(Recorded information)
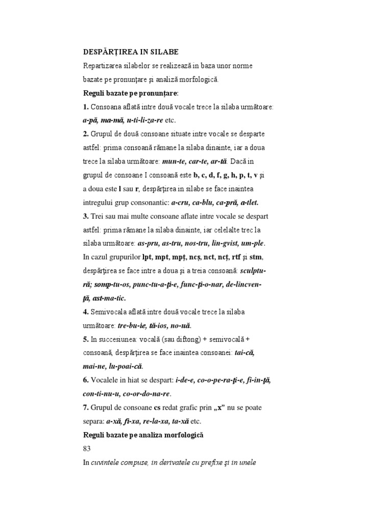 Reguli De Despartire A Cuvintelor In Silabe Silabe
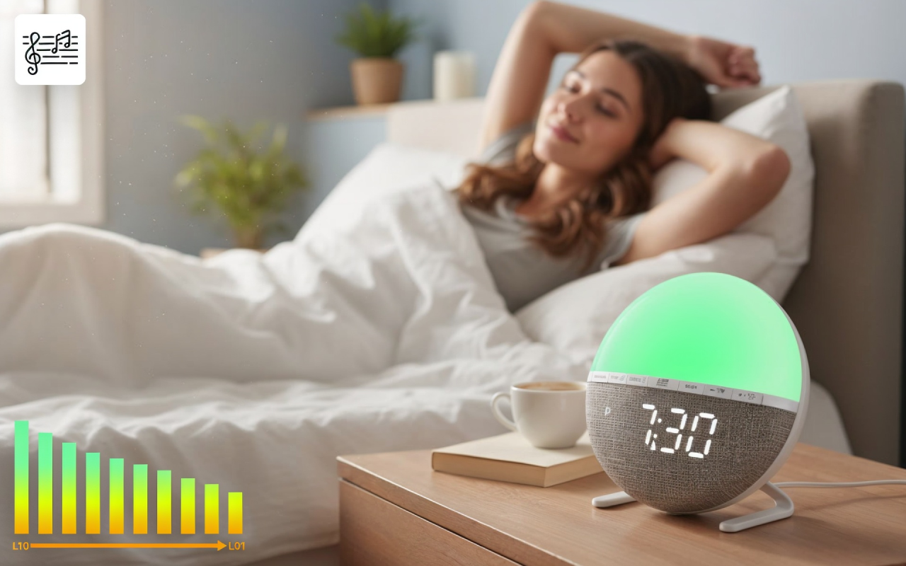 Vælg mellem syv afslappende lyde eller kun solopgangslys. Ti lydniveauer sikrer, at alle finder deres perfekte morgenrutine.
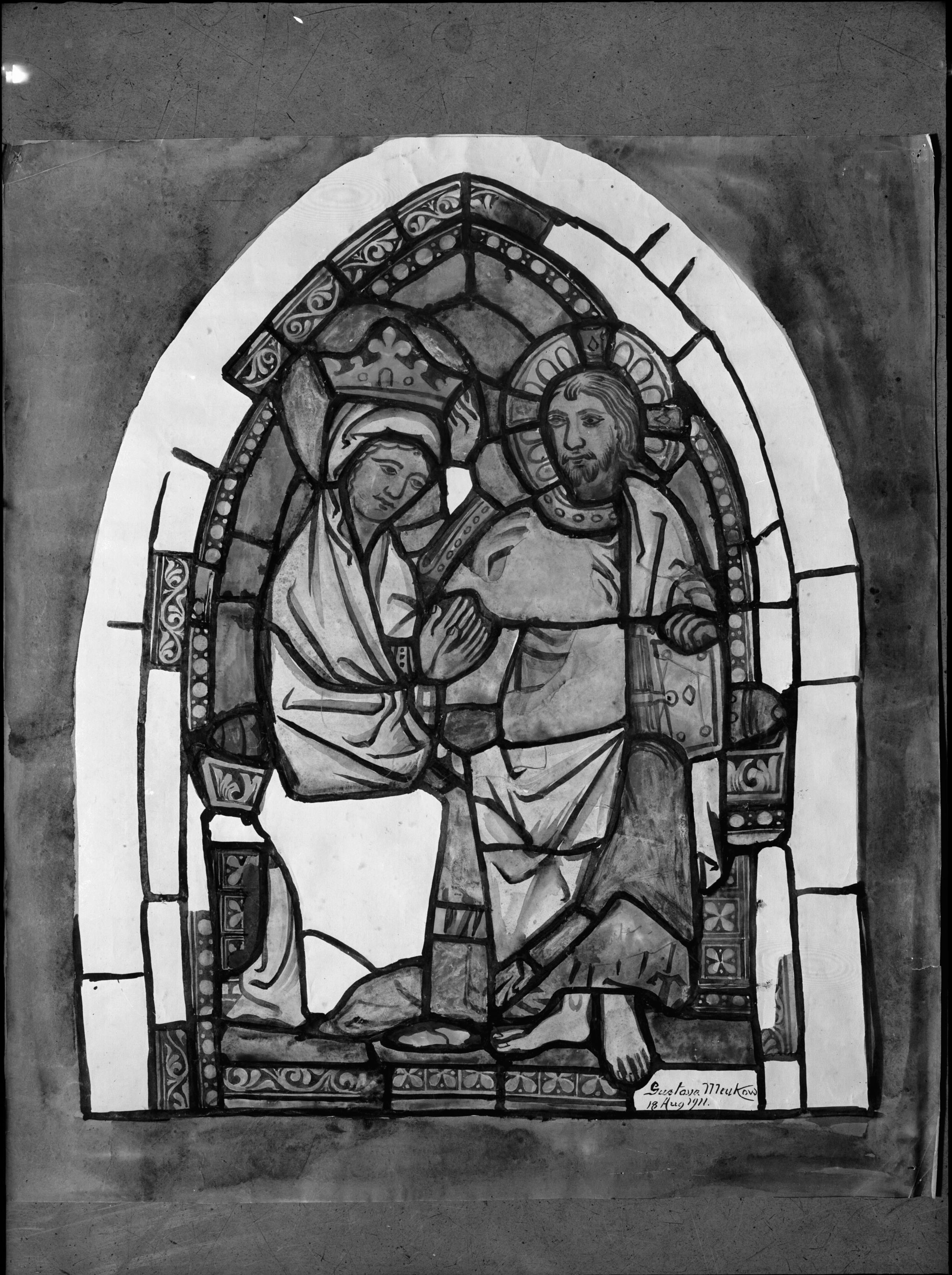 • Glasmålning. I korets och långhusets sydfönster. Medeltida. Foto efter akvarellkopia av Gustava Meukow. Samma neg.nr. som bild 107 och 108.
(End Recorded information)
_Work instructions:_ When a picture appears in the material, please pass over it while retyping the rest exactly.

_Exercise result:_
 Reguli De Despartire A Cuvintelor In Silabe Silabe
 Vælg mellem syv afslappende lyde eller kun solopgangslys. Ti lydniveauer sikrer, at alle finder deres perfekte morgenrutine.
 • Glasmålning. I korets och långhusets sydfönster. Medeltida. Foto efter akvarellkopia av Gustava Meukow. Samma neg.nr. som bild 107 och 108.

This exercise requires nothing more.